A 1874 decree regrouped the faculty back into the University of Buenos Aires. Deans that followed the reorganization include Manuel Porcel de Peralta, Pedro Antonio Pardo, Cleto Aguirre, Mauricio González Catán, Leopoldo Montes de Oca, and Enrique del Arca. In 1880, the new Hospital of Buenos Aires was founded, on Avenida Córdoba (across what is now Plaza Houssay); after the federalization of Buenos Aires in 1883, the hospital was put under jurisdiction of the faculty. It was henceforth known as the Hospital de Clínicas.
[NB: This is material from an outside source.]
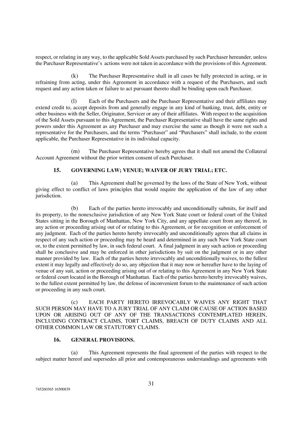 31 745260365 16500839 respect, or relating in any way, to the applicable Sold Assets purchased by such Purchaser hereunder, unless the Purchaser Representative’s actions were not taken in accordance with the provisions of this Agreement. (k) The Purchaser Representative shall in all cases be fully protected in acting, or in refraining from acting, under this Agreement in accordance with a request of the Purchasers, and such request and any action taken or failure to act pursuant thereto shall be binding upon each Purchaser. (l) Each of the Purchasers and the Purchaser Representative and their affiliates may extend credit to, accept deposits from and generally engage in any kind of banking, trust, debt, entity or other business with the Seller, Originator, Servicer or any of their affiliates. With respect to the acquisition of the Sold Assets pursuant to this Agreement, the Purchaser Representative shall have the same rights and powers under this Agreement as any Purchaser and may exercise the same as though it were not such a representative for the Purchasers, and the terms “Purchaser” and “Purchasers” shall include, to the extent applicable, the Purchaser Representative in its individual capacity. (m) The Purchaser Representative hereby agrees that it shall not amend the Collateral Account Agreement without the prior written consent of each Purchaser. 15. GOVERNING LAW; VENUE; WAIVER OF JURY TRIAL; ETC. (a) This Agreement shall be governed by the laws of the State of New York, without giving effect to conflict of laws principles that would require the application of the law of any other jurisdiction. (b) Each of the parties hereto irrevocably and unconditionally submits, for itself and its property, to the nonexclusive jurisdiction of any New York State court or federal court of the United States sitting in the Borough of Manhattan, New York City, and any appellate court from any thereof, in any action or proceeding arising out of or relating to this Agreement, or for recognition or enforcement of any judgment. Each of the parties hereto hereby irrevocably and unconditionally agrees that all claims in respect of any such action or proceeding may be heard and determined in any such New York State court or, to the extent permitted by law, in such federal court. A final judgment in any such action or proceeding shall be conclusive and may be enforced in other jurisdictions by suit on the judgment or in any other manner provided by law. Each of the parties hereto irrevocably and unconditionally waives, to the fullest extent it may legally and effectively do so, any objection that it may now or hereafter have to the laying of venue of any suit, action or proceeding arising out of or relating to this Agreement in any New York State or federal court located in the Borough of Manhattan. Each of the parties hereto hereby irrevocably waives, to the fullest extent permitted by law, the defense of inconvenient forum to the maintenance of such action or proceeding in any such court. (c) EACH PARTY HERETO IRREVOCABLY WAIVES ANY RIGHT THAT SUCH PERSON MAY HAVE TO A JURY TRIAL OF ANY CLAIM OR CAUSE OF ACTION BASED UPON OR ARISING OUT OF ANY OF THE TRANSACTIONS CONTEMPLATED HEREIN, INCLUDING CONTRACT CLAIMS, TORT CLAIMS, BREACH OF DUTY CLAIMS AND ALL OTHER COMMON LAW OR STATUTORY CLAIMS. 16. GENERAL PROVISIONS. (a) This Agreement represents the final agreement of the parties with respect to the subject matter hereof and supersedes all prior and contemporaneous understandings and agreements with

The 1880s also saw the creation of the faculty's first institute, the Instituto de Anatomía Patológica.

===20th century===
The need for larger facilities to accommodate the growing student body in the faculty led to it moving to a new building near the Hospital de Clínicas, designed by Francisco Tamburini in 1908 (today, the seat of the Faculty of Economic Sciences). The Avenida Córdoba building was, eventually, also outgrown, and in March 1939 construction began for a new, larger complex destined to house all of the faculty's facilities. The complex was designed by architect Rafael Sammartino, and construction was carried out by construction firm GEOPÉ.

The new main building, an imponent 15-storey building designed in the International Style, was inaugurated in 1944. It is located on Paraguay street, across Tamburini's old palatial complex where the Faculty of Economic Sciences now has its seat. The plaza that separates the two buildings, inaugurated in 1980, is now known as Plaza Dr. Bernardo Houssay, in honor of the Nobel Prize in Medicina laureate who was educated at the university.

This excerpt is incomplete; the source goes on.